Kapukaya, İslamiyet'ten önce de mevcut olan kameri takvimin, Hazreti Ali'nin teklifiyle İkinci Halife Hazreti Ömer tarafından bugünkü haliyle tespit edilerek hicretin 17'nci yılından itibaren kullanılmaya başlandığını belirterek, sözlerini şöyle sürdürdü:

"Hicretten sonra Hazreti Peygamber, İslam devletinin kuruluşunu ilan etmiştir. Hicret, teşri (yasama) açısından da büyük önem taşımaktadır. Mekke döneminde nazil olan ayetlerde tevhid, nübüvvet, ahiret gibi temel inanç konuları işlenip ibadet ve ahlakla ilgili İslam esasları konulurken, hicretten sonra ferdi ve içtimai hayatı düzenleyen ahkamla ilgili ayetler inmiş, ibadet ve muamelata dair hükümler konularak müeyyideler getirilmiş ve devletlerarası hukuku ilgilendiren kurallar belirlenmiştir."

Hicretin, İslam davetinin seyrinde ve dinin yayılışında da etkili olduğunu kaydeden Kapukaya, şöyle devam etti:

"Bu derece önem verilmesine bağlı olarak hicretin daha Peygamber döneminde bir takvim ve tarih başlangıcı sayıldığı görülmektedir.

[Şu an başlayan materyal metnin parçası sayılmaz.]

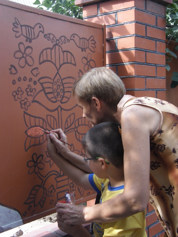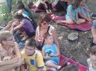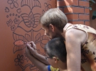 Після того як художники закінчили малювати візерунки, розмалювати їх дозволили дітям. Сім'ям з маленьким дітьми, видали ковдри. Вони вмощувались на траві. Майже всі приходили родинами.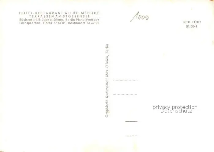 Pichelswerder_Berlin Restaurant Wilhelmshoehe Stoessensee Pichelswerder Berlin postalisch nicht gelaufen 1921-1965 Erhaltung siehe scans [KathaD81] Kathoren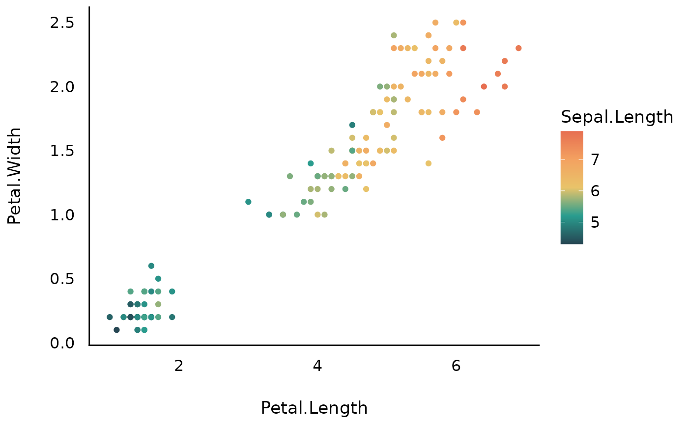 ggplot(iris, aes(x = Petal.Length, y = Petal.Width, color = Sepal.Length)) +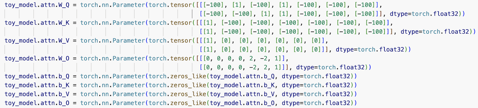 Below we provide manually specified weights for a 2-head model that cleanly encodes 3 OV-Incoherent skip trigrams. This model has a single head dimension and an embedding dimension of 7 (corresponding to each of the 7 tokens, ignoring the BOS token in this example). In the test-suite, we provide the same model but with a dimension for the BOS token included. This model follows the mechanism of OV-Incoherence outlined within the Introduction. We also provide a 4-head, 5 OV-Incoherent skip trigram model manually specified in a similar manner within the test-suite.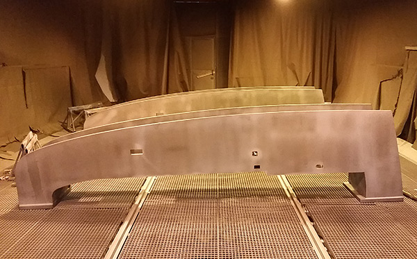 Teräsraepuhaltamon mitat ovat 8 m x 14 m. Tarvittaessa pystytään käsittelemään pitempiäkin kappaleita.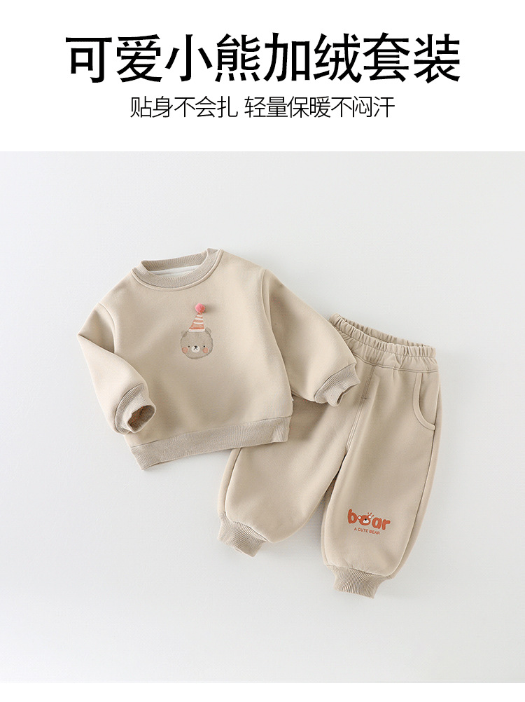 어린이 세트 겨울 아기의 기모 두 조각 분할 가을과 겨울 아기 땀 바지 외출 의류 카테고리 A스토어 가기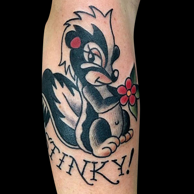 Hey guys, thanks for checking out this week’s shop update. Gabe got to do a traditional skunk tattoo along with an elephant head and a mouth. Lars tattooed a gaslight lamp with a cat on a client’s thigh. Cody tattooed a buffalo head with a landscape background. Colin got to do a traditional mom/heart. Phil tattooed a zombie banana on a regular. Morgan got to do a Lisa Frank style leopard, a flying pig and a storm cloud. Alysha tattooed a floral mandala on a thigh. Moe got to tattoo a tiger head and a crow head cover up on a hand. Felix did a couple different black and grey traditional rose tattoos. Boom!

Ashabın, Resul-i Ekrem'in hayatını 'Mekke' ve 'Medine' dönemi diye ikiye ayırması ve bu dönemlere ait yılları birbirini tamamlayacak şekilde değil ayrı ayrı zikretmesi bu hususun ilk işaretidir. Hicri takvim, İslam aleminin dini takvimidir. Ramazan ayının başlangıcı ve bitişi, Kurban Bayramı günleri, hac farizasının yerine getirilmesi, kandil geceleri de hep bu hicri takvim esası üzerinden icra edilmektedir."